In the ruleset “Aggregation options for clustered services” already three different aggregation modes (“failover” , “worst” , “best” ) predefined

BR

Michael

bkuhn · July 5, 2023, 5:49pm

This is no longer true, there is an Aggregation option Rule for Clusters where you can also define Best, Worst Aggregations for Service in a Cluster, without need for BI. BI is just more flexible relating the Aggregations, but has other disadvantages.

mike1098 · July 6, 2023, 7:06am

Thank you, maybe I was not so clear about that in my post above

bkuhn · July 6, 2023, 7:23am

Oh sorry, after checking again I see, your Post ended with that. The Source Code I guess confused while reading

scarpatommaso · July 6, 2023, 7:40am

In my Setup panel I don’t see any “Aggregation options for clustered services” ruleset. Is this available in CheckMK version 2.0?

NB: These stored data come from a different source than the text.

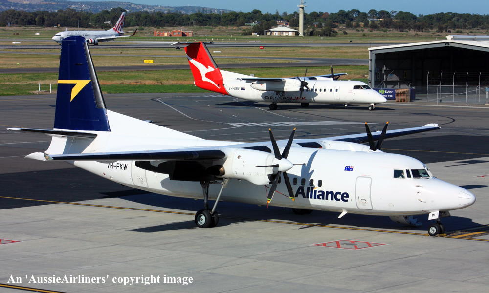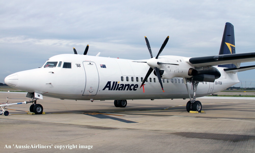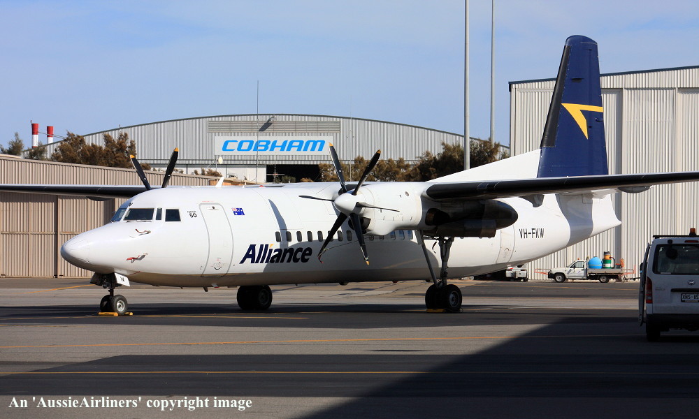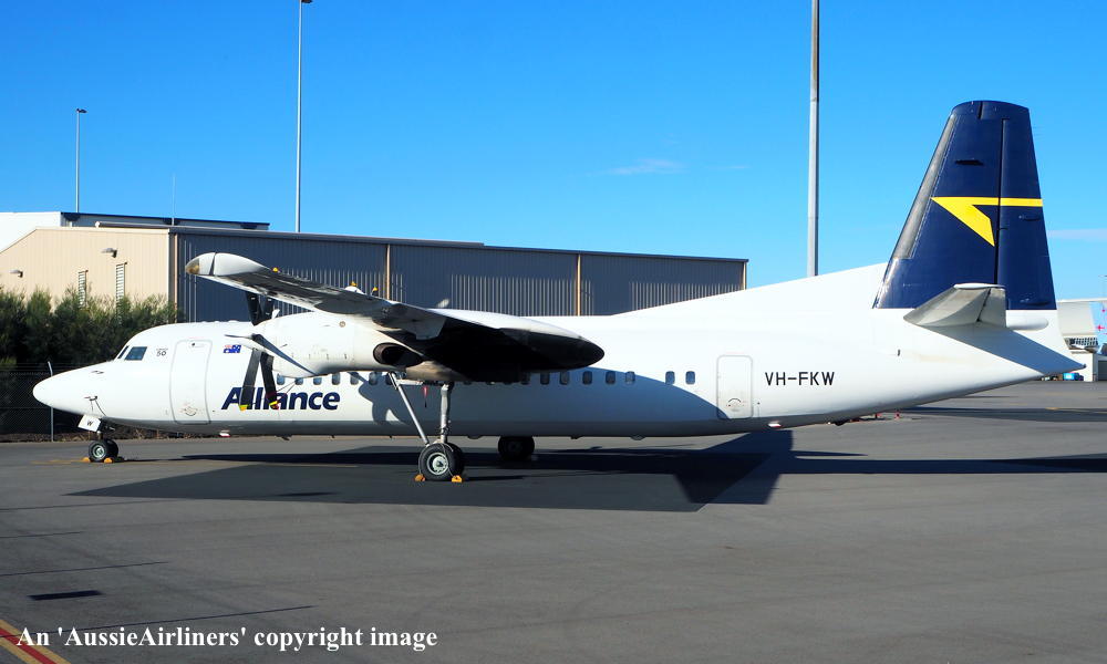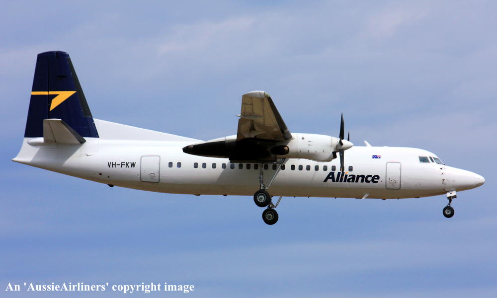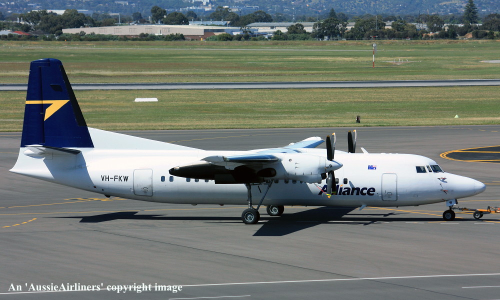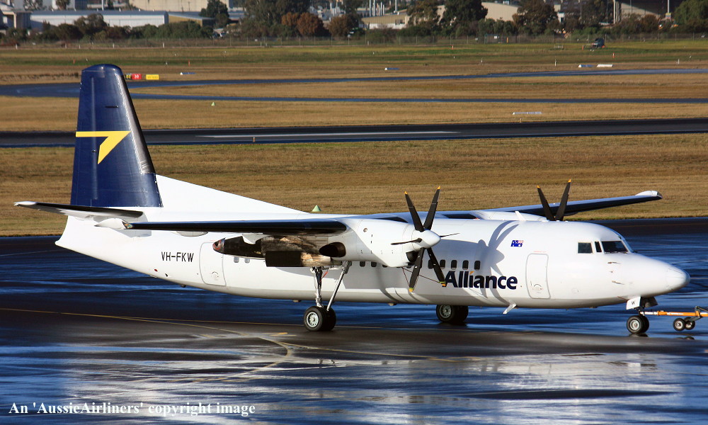 VH-FKW. Alliance - in the standard livery at Brisbane Airport, August 23, 2010. (R. N. Smith Collection Copyright Image 1997-528.) |
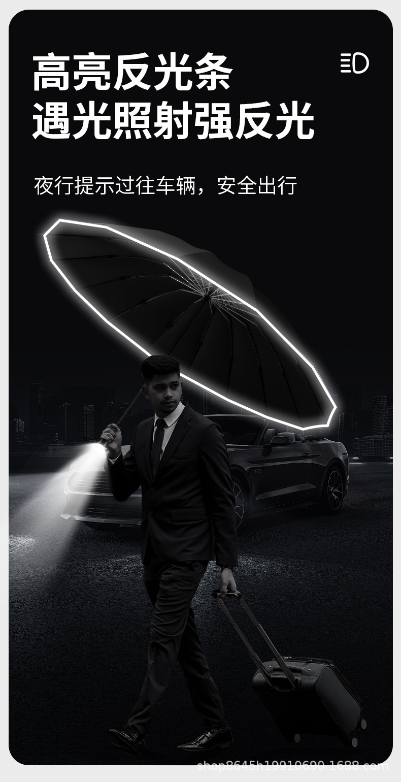• [블랙 - 우산커버 155cm - LED조명 - 역방향 개폐] 특대형 우산커버
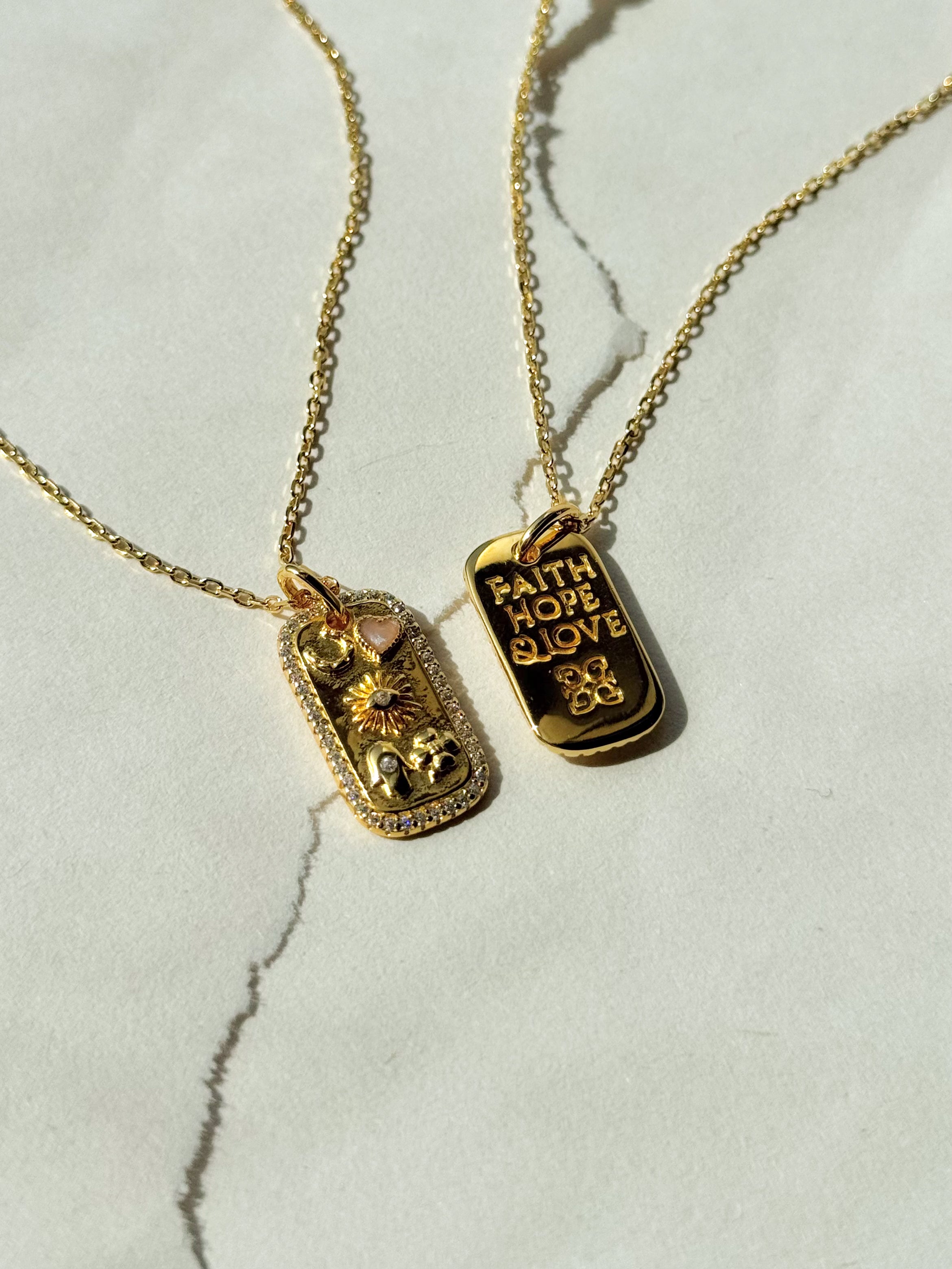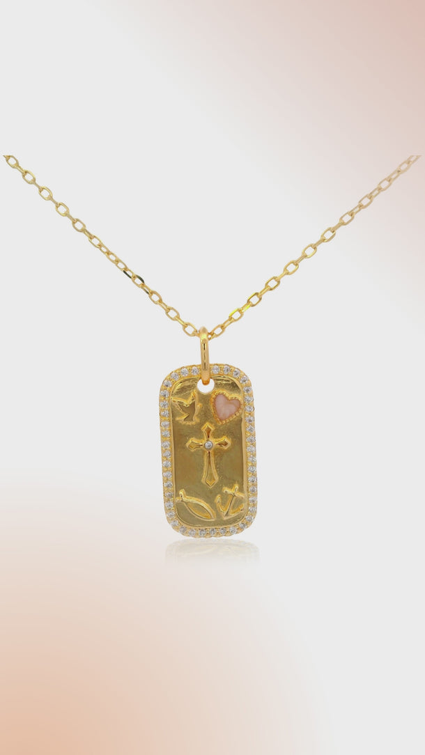 Expertly crafted from 18ct gold e-coated 925 sterling silver, this double-sided pendant features meaningful icons of faith and devotion: a cross, dove, heart, fish, and anchor — each representing strength, peace, love, and steadfast hope.
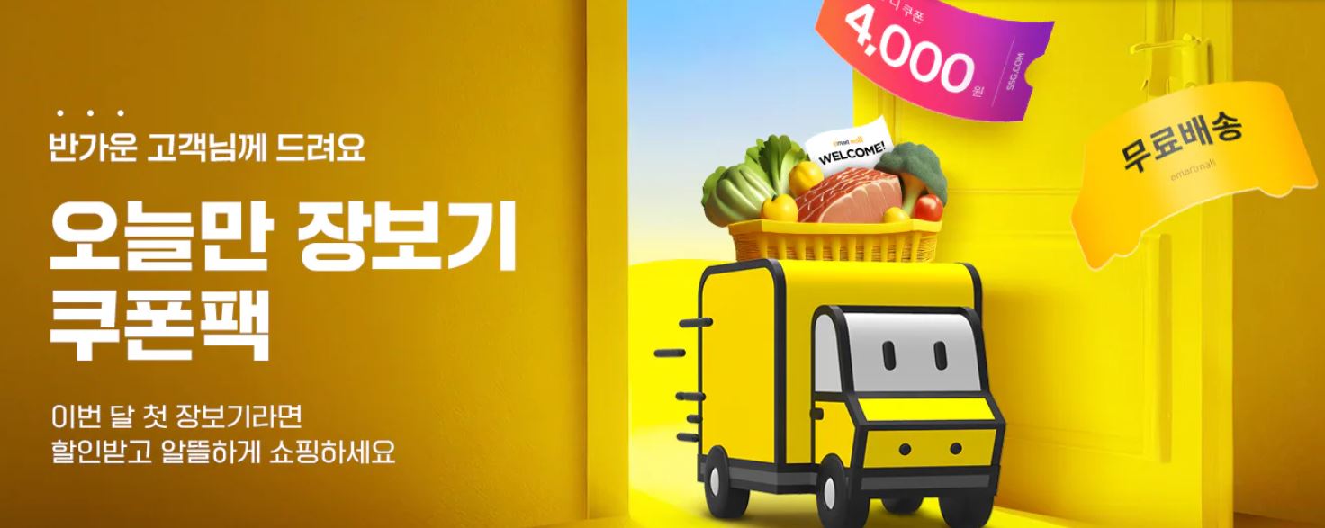 이마트몰 오늘만 장보기 쿠폰팩 이마트몰 오늘만 장보기 쿠폰팩 정보 포스팅입니다. 이마트몰 오늘만 장보기 쿠폰팩 이벤트를 진행하네요. 발급 대상 : 9월 중 구매이력 없는 회원 1만원 이상 구매시 4000원 장바구니 쿠폰 적용 가능 2만원 이상 구매시 아무때나 배송 옵션 선택시 무료배송 쿠폰 적용 가능 이벤트 기간 : 2024년 9월 24일 이마트몰 오늘만 장보기 쿠폰팩 정보 [링크] 핫딜/식품&생활 2024.09.24

mike1098 · July 6, 2023, 7:42am

No, please reed Werk #12908

scarpatommaso · July 6, 2023, 10:53am

Ok, thank you.
However, here I have CheckMK 2.0 and no option to upgrade to 2.1 in the near future.
If I understand correctly then, my only option with version 2.0 would be to use Business Intelligence. Correct?

bkuhn · July 7, 2023, 6:17am

I would strongly recommend waiting for the Update to the next Checkmk Version, BI is way more complicated and will not automatically appear as Service, and has at some point in bigger Setups a bad performance because it’s generated basically in the frontend and needs to query data using Livestatus.

On the Other hand, with the Aggregation Feature of the Cluster, you don’t have these Problems and out of the Box a real Service which acts as every other Service you already know.

system · July 6, 2024, 6:18am

This topic was automatically closed 365 days after the last reply. New replies are no longer allowed. Contact an admin if you think this should be re-opened.